In this process, the classifier-free bootstrapping (CFG) ratio is a key factor.

The higher the CFG scale, the better the quality of the samples and the consistency between text and images, while the lower the scale, the greater the diversity of the samples and the closer they are to the original conditional distribution of the image based on the given text.

representation learning

In the paper, the representation learning method is based on StableRep.

The key component of the method proposed by the authors is the multi-positive contrast learning loss, which works by aligning (in embedding space) images generated from the same description.

In addition, various techniques from other self-supervised learning methods were also combined in the study.

Comparable to OpenAI’s CLIP

For the experimental evaluation, the researchers first conducted ablation studies to evaluate the effectiveness of various designs and modules within the pipeline, and then continued to expand the amount of synthetic data.

The figure below is a comparison of different description synthesis strategies.

The researchers report the ImageNet linear evaluation accuracy and average accuracy on nine fine-grained datasets. Each item here includes 10 million descriptions and 4 pictures per description.

The table below compares ImageNet linear evaluation to fine-grained classification.

Despite using only synthetic data, SynCLR achieved comparable results to OpenAI’s CLIP and DINO v2 models.

The following table compares SynCLR and CLIP on the same synthetic data.

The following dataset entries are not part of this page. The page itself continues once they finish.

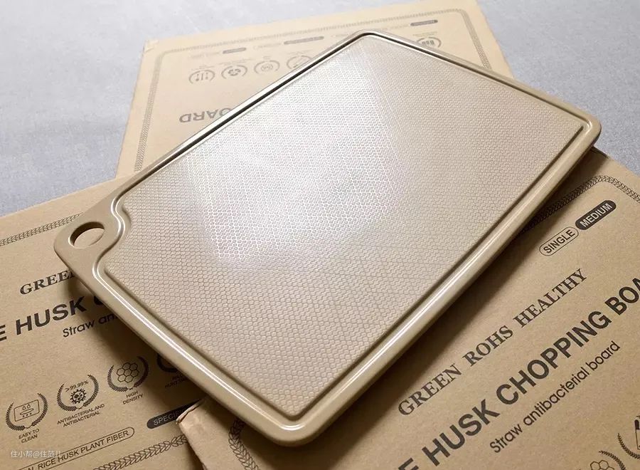 我必须说,通过消毒热压技术处理而成的天然稻谷壳纤维砧板,密度高不掉渣,抗菌能力一级棒。
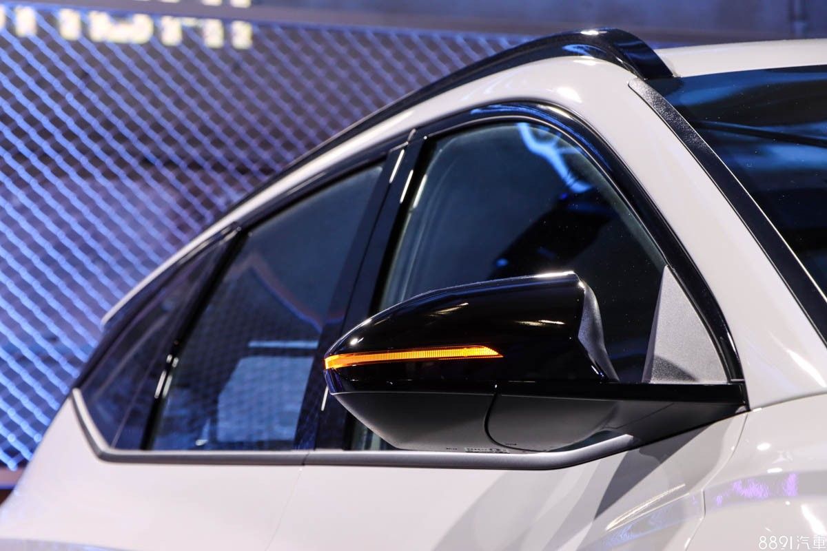 細節處如車外後視鏡蓋、側裙,窗框同樣採用黑色塗裝。
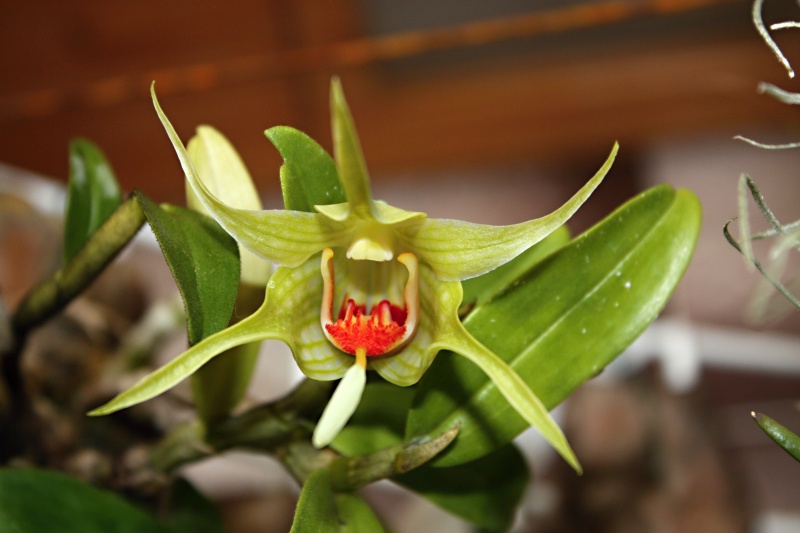 Taky se musím pochlubit. Před třemi roky jsem si přivezl z výstavy v Drážďanech asi 5cm semenáček Dendrobium tobaense. Dnes má 4 pahlízy, ta poslední narostlá, má 15cm a na jejím konci poprvé vykvetla. Květ je asi 6cm velký.
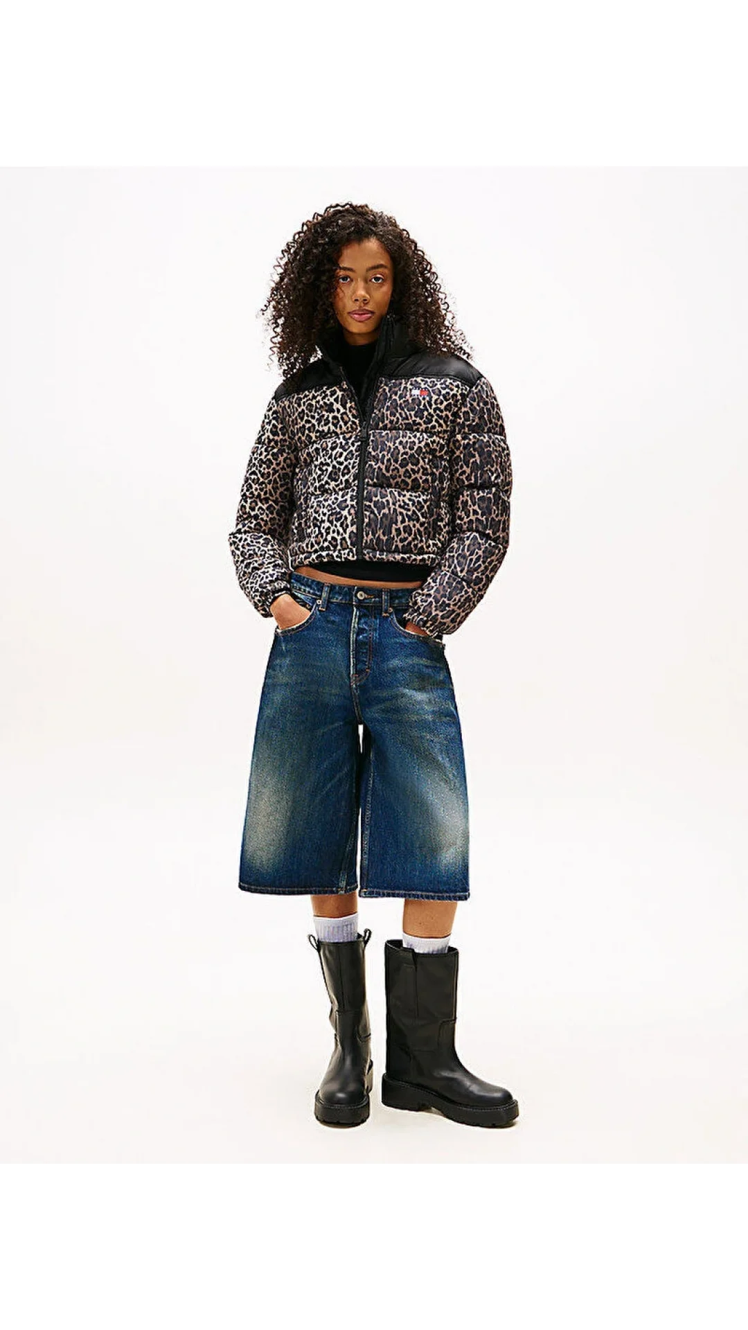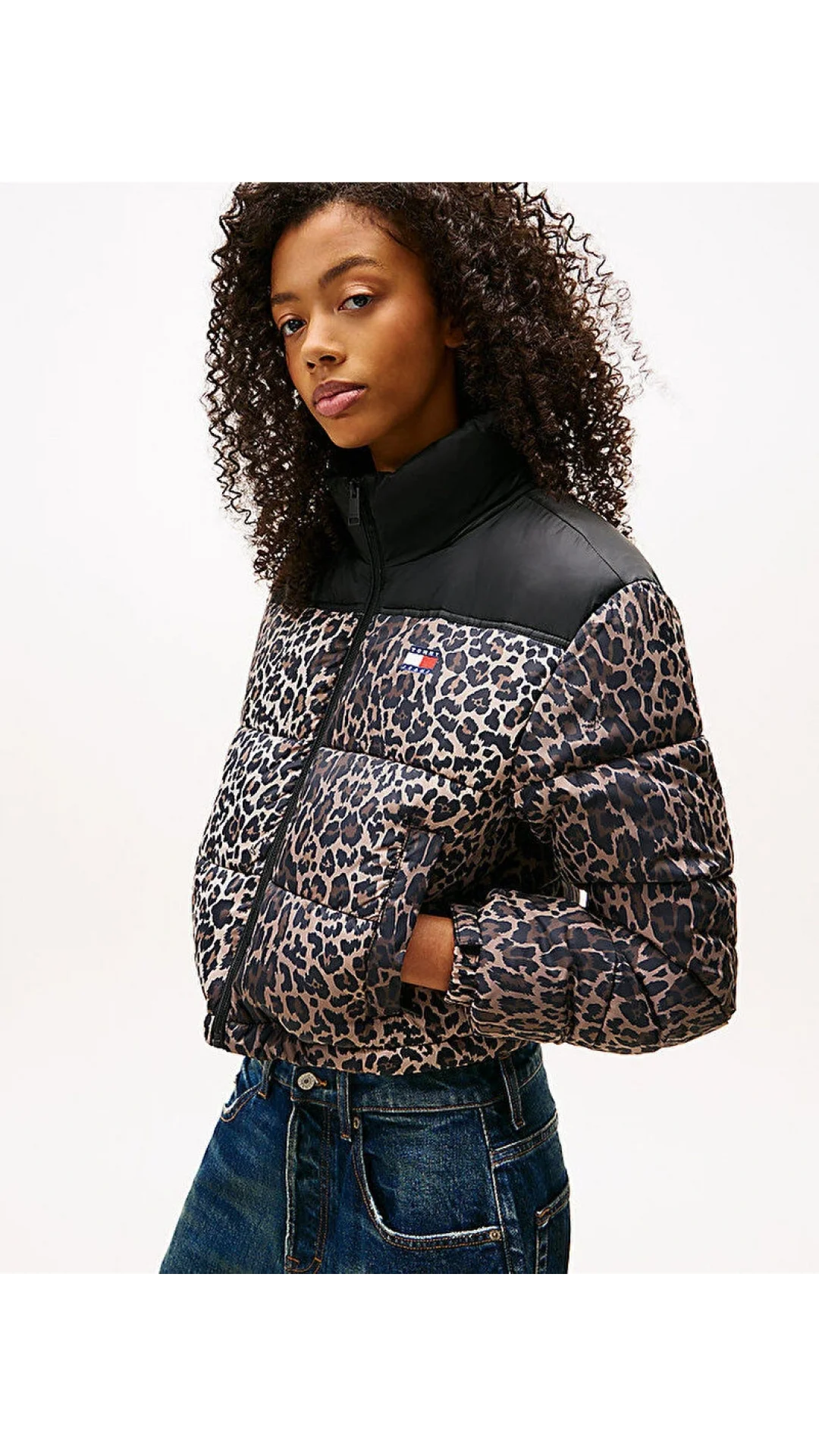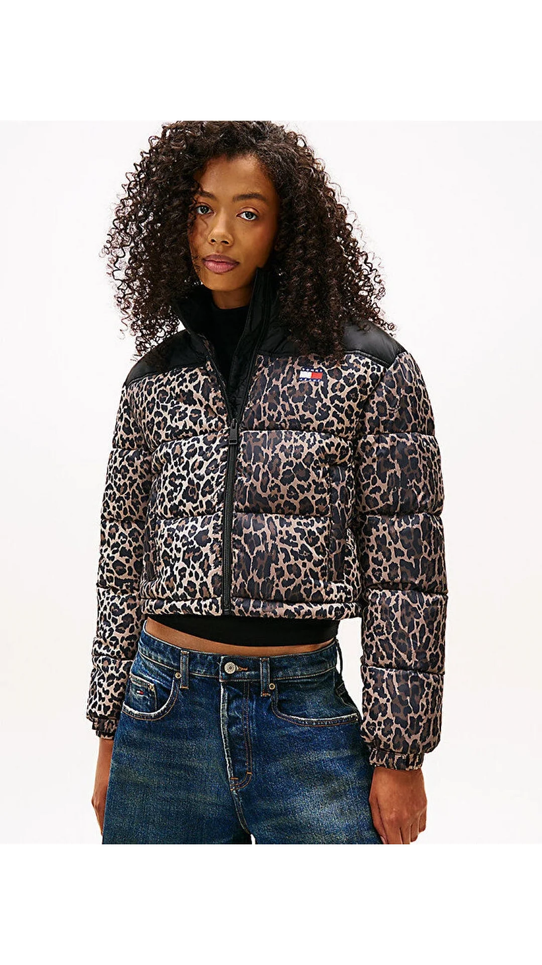Tommy Hilfiger TJW Kısa Leopar Desenli Şişme Kadın Kahverengi Ceket DW0DW219670HD

It can be seen that SynCLR is significantly better than CLIP.

Specifically set to generate 4 images per title, SynCaps-150M provides better representation for SynCLR and CLIP.

The PCA visualization is as follows. Following DINO v2, the researchers calculated PCA between patches of the same set of images and colored them based on their first 3 components.

Compared with DINO v2, SynCLR is more accurate for drawings of cars and airplanes, but slightly less accurate for drawings that can be drawn.

Figures 6 and 7 respectively show the linear accuracy of ImageNet under different training scales and the fine classification under different training parameter scales.

Why learn from generative models?

One compelling reason is that generative models can operate on hundreds of data sets simultaneously, providing a convenient and efficient way to curate training data.

In summary, the latest paper investigates a new paradigm for visual representation learning - learning from generative models.

Without using any real data, SynCLR learns visual representations that are comparable to those learned by state-of-the-art general-purpose visual representation learners.